Experiment 2 – the “which treatment is better” model

100 allergy-sufferers record the number of times they sneeze in a 24 hour period. Then 50 of them are given Claritin and 50 of them are given Zyrtec and asked to record the next 24 hours. The average user of Claritin had their sneeze level decrease by 28% with a standard deviation of 9%. The average user of Zyrtec had their sneeze level decrease by 33% with a standard deviation of 14%. Is there evidence that the treatments affect sneeze level differently for these participants on average?

Where I’m bugged

In AP Statistics, as far as I know, both of these experiments would be tackled the same way – with a 2-sample T-test. In both cases we would write our null hypothesis as “\mu_1=\mu_2” The p-value for both is less than 0.05, so in both cases we would declare sufficient evidence that there is a different in the treatments.

My problem is that these experiments really imply fundamentally different models for me. In the first problem,  the “control” response and the “treatment” response are fundamentally linked on an individual-by-individual basis. That is, a volunteer in the control group who gets a 98 on the test would almost certainly get a high grade in the treatment group as well. In this case, what we really mean our null hypothesis to be is “each individual would score the same whether they received the placebo or the caffeine.” This is a perfect opportunity for a permutation test.
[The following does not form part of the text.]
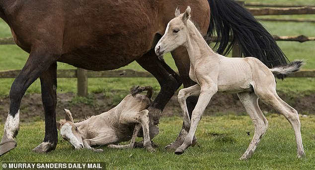 ▼母馬生下同卵雙胞胎的概率僅有百萬分之一,Destiny創造了奇蹟。雖然牠第二次生下的寶寶一雌一雄,但還是讓人驚嘆不已。

Permutation tests are awesome. They fit this model perfectly, they are easy to understand. And in many cases where assumptions are met (not too crazy-skewed treatment data, decent sample sizes) a t-test p-value seems to match a permutation test almost perfectly. This connects back to my idea of the ‘randomization distribution’ in my last post, I’m pretty sure; in this case, the randomization distribution looks a lot like the sampling distribution made from a sampling situation with the same numbers.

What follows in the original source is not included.